WHAT YOU HAVE TO DO
Without the pictures, repeat the listing character for character.

[[ COLLECTED DATA open ]]

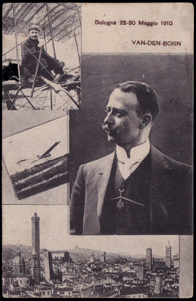 1910 BOLOGNA / ESPERIMENTI DI AVIAZIONE. Cartolina verticale "Bologna 22-30 maggio 1910 VAN DEN BORN". Viaggiata. Longhi 284. (Image) (ImageA)
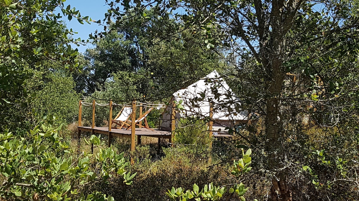 软木橡树林中的舒适钟形帐篷
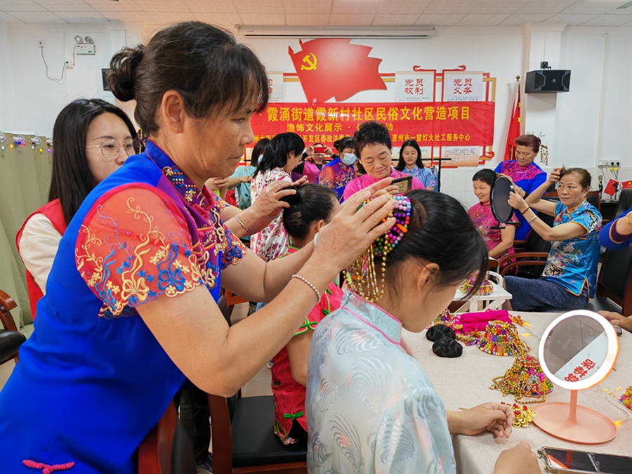 惠州日報訊 (記者匡湘鄂)在美麗的大亞灣區(qū)霞涌街道霞新村,每逢婚嫁、祝壽等喜事或每年的楊包廟會等傳統(tǒng)節(jié)日,村里的婦女們都會盛裝出席,穿上新制的傳統(tǒng)漁家衣服,梳上韻味十足的“仙姑頭”,戴上金燦燦的頭飾,隆重、熱鬧,風(fēng)情無限。日前,霞新村開展了“漁你相約”社區(qū)漁飾文化體驗活動,吸引了眾多市民、游客前來體驗。

[[ COLLECTED DATA closed ]]

REPLY
 1910 BOLOGNA / ESPERIMENTI DI AVIAZIONE. Cartolina verticale "Bologna 22-30 maggio 1910 VAN DEN BORN". Viaggiata. Longhi 284. (Image) (ImageA)
 软木橡树林中的舒适钟形帐篷
 惠州日報訊 (記者匡湘鄂)在美麗的大亞灣區(qū)霞涌街道霞新村,每逢婚嫁、祝壽等喜事或每年的楊包廟會等傳統(tǒng)節(jié)日,村里的婦女們都會盛裝出席,穿上新制的傳統(tǒng)漁家衣服,梳上韻味十足的“仙姑頭”,戴上金燦燦的頭飾,隆重、熱鬧,風(fēng)情無限。日前,霞新村開展了“漁你相約”社區(qū)漁飾文化體驗活動,吸引了眾多市民、游客前來體驗。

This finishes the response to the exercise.